Mesele sadece Arınç değil ki, Erdoğan vesayet altında
Arınç, Erdoğan ile görüşmek istiyormuş, ondan sonra karar verecekmiş istifa edip etmeyeceğine. Murat Çelik’in haberiyle öğrendik.
Arınç, Erdoğan ile görüşmek istiyormuş, ondan sonra karar verecekmiş istifa edip etmeyeceğine. Murat Çelik’in haberiyle öğrendik. Cumhurbaşkanı Tayyip Erdoğan’ın Yüksek İstişare Kurulu üyesi Bülent Arınç medya üzerinden mi randevu istiyor diye düşündüm ilk anda. Sonra acaba medyadaki havadan mı etkilenip Erdoğan’ın lafını üzerine aldı diye sordum kendime.
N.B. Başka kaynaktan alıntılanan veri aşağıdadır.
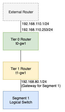 My starting configuration has a segment/logical switch named “Segment1” connected to a Tier 1 gateway called “t1-gw1” using a subnet defined as 192.168.80.1/24. This Tier 1 is advertising all routes for connected segments, vips etc. and gives basic networking capabilities for any machine connected to the segment. Anything I deploy onto “Segment1” can route out onto the external network (BGP config in place on “to-gw1”).

Çünkü Erdoğan “geçmişte birlikte çalışmış olsak da” diyordu; oysa Arınç hala Beştepe bordrosunda, hâlâ birlikte çalışıyorlar. Erdoğan pekâlâ geçmişte birlikte çalıştığı DEVA Partisi lideri Ali Babacan, ya da Gelecek Partisi lideri Ahmet Davutoğu’nu da kast etmiş olabilirdi “reform söyleminden fitne çıkarmakla”. Bakarsanız “Beni kast etmemiş” ya da “Onu kast etmedim” türünden bir “medya yanlış anlamış” açıklaması gelebilir.
Öte yandan gazeteci İsmail Saymaz’ın, Kübra Par’ın programında, konuştuğu üst düzey bir MHP’linin “sonunda Arınç’ın koruması artık kalktı, bileti kesildi” dediğini aktarması var. Acaba MHP lideri Devlet Bahçeli, Erdoğan’ın son anda Arınç’a koruma vermesini engellemeye mi çalışıyor?
Bu gelişmeler aslında meselenin sadece Arınç olmadığını gösteriyor.